* _What you should do_
Repeat, exactly as written, the lines from the one with "Вкусное место, кафе" to the final line of the listing, and keep every picture out.

* _Information provided_

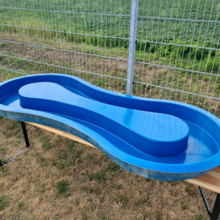 Auffangwanne aus rot-weiß gestreifter Plane.
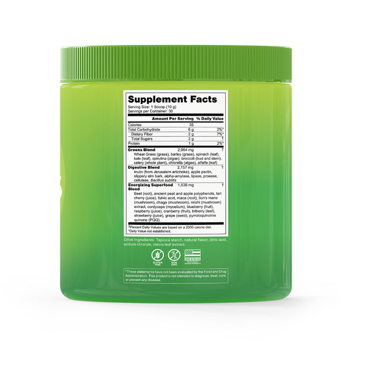 Superfood power in every scoop. Glow Greens is your delicious daily boost of nutrient-dense greens, energizing superfoods, and gut-loving digestive support, all in a refreshing formula with only 35 calories per serving.
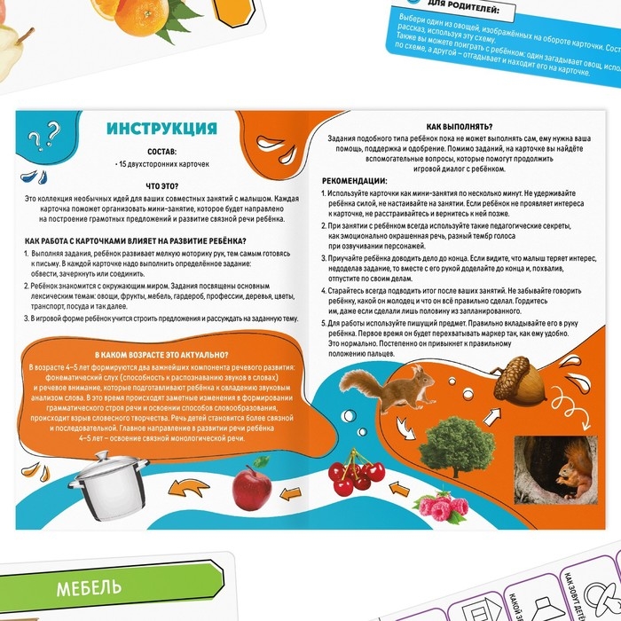 Каждая карточка поможет организовать мини-занятие, которое будет направлено на построение грамотных предложений и развитие связной речи ребёнка.
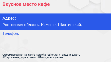 Вкусное место, кафе по адресу Ростовская область, Каменск-Шахтинский, в дальнейшем Организация, размещена в следующих категориях:
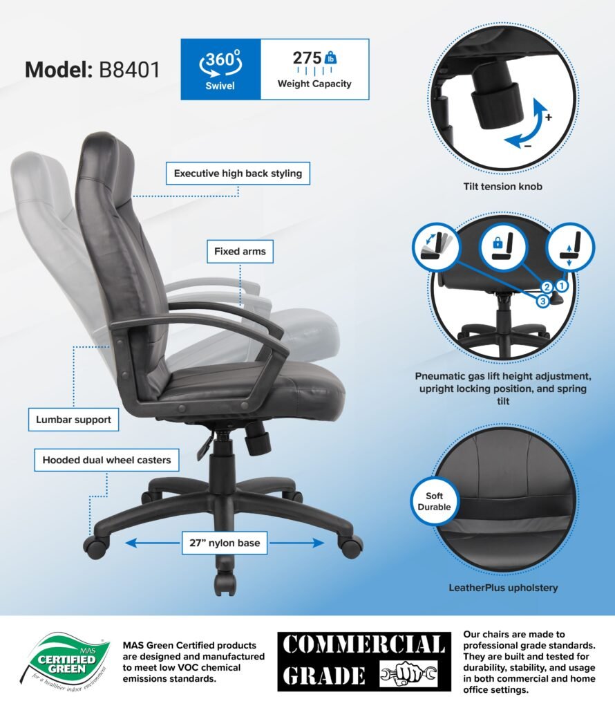 This executive leather chair is elegantly upholstered in black LeatherPlus, a combination of leather and polyurethane that is as comfortable as it is durable. It also has polypropylene arms and a matching 27 nylon base with five hooded double wheel casters. In addition to providing optimal stability, this chair can also be personalized for maximum comfort. Its upright locking position, pneumatic gas lift seat height adjustment, and adjustable tilt tension control let users customize the chair to their liking.
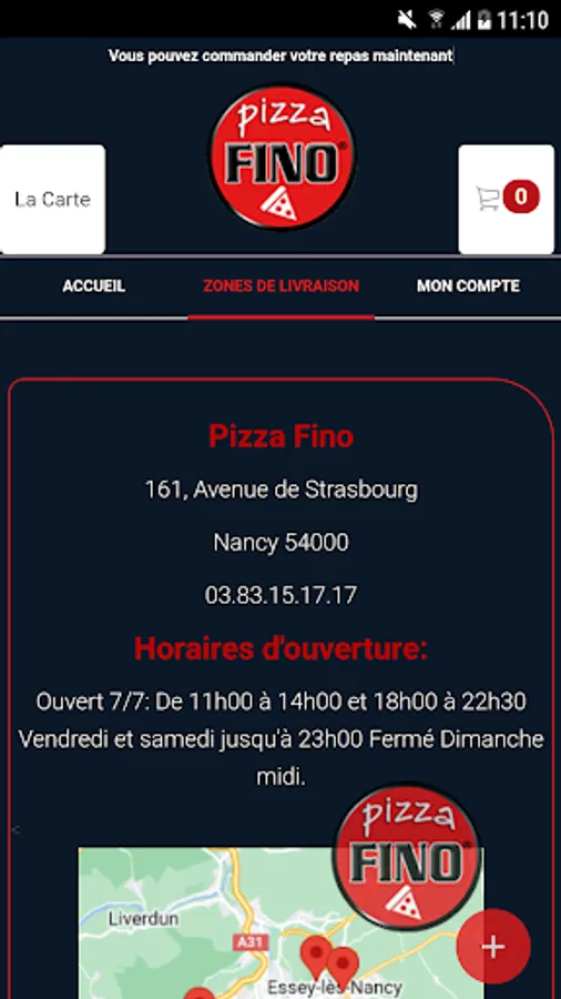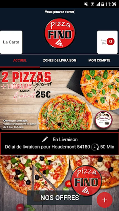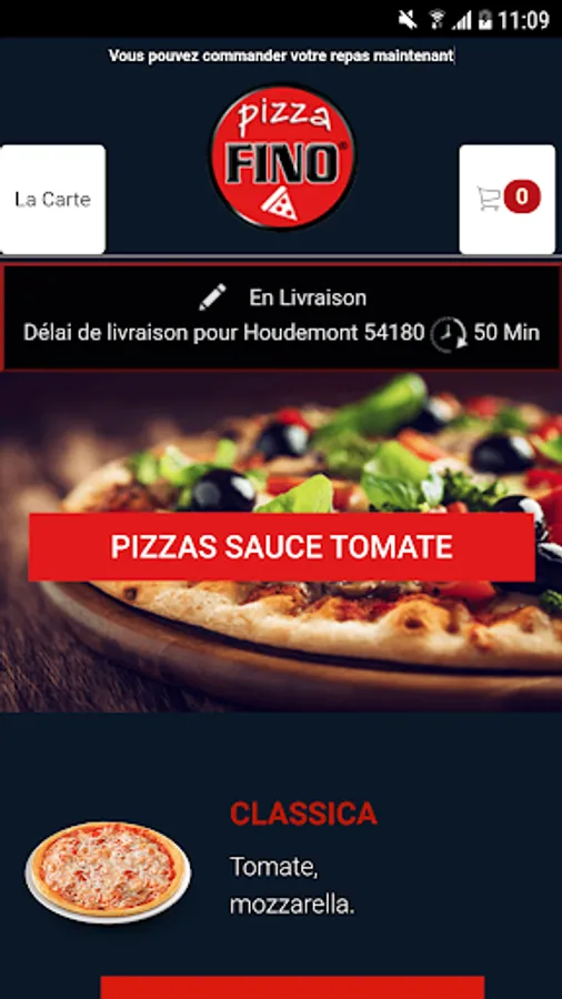 The Pizza Fino Android app allows you to order online or by phone through your app. You can consult our menu and choose your products.
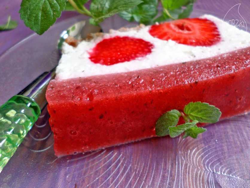 Sernik na zimno - kokos, truskawki, mięta z agarem
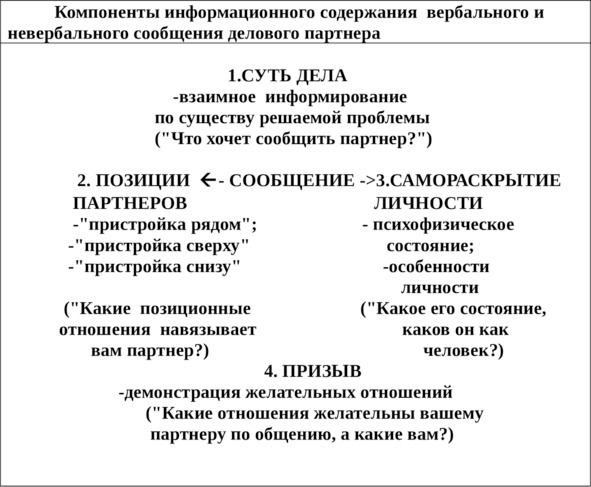 – о существе дела: истинных и скрытых намерениях lделовых партнеров («Что хочет сообщить партнер?»);

* _Task answer_
 Вкусное место, кафе по адресу Ростовская область, Каменск-Шахтинский, в дальнейшем Организация, размещена в следующих категориях:
 This executive leather chair is elegantly upholstered in black LeatherPlus, a combination of leather and polyurethane that is as comfortable as it is durable. It also has polypropylene arms and a matching 27 nylon base with five hooded double wheel casters. In addition to providing optimal stability, this chair can also be personalized for maximum comfort. Its upright locking position, pneumatic gas lift seat height adjustment, and adjustable tilt tension control let users customize the chair to their liking.
 The Pizza Fino Android app allows you to order online or by phone through your app. You can consult our menu and choose your products.
 Sernik na zimno - kokos, truskawki, mięta z agarem
 – о существе дела: истинных и скрытых намерениях lделовых партнеров («Что хочет сообщить партнер?»);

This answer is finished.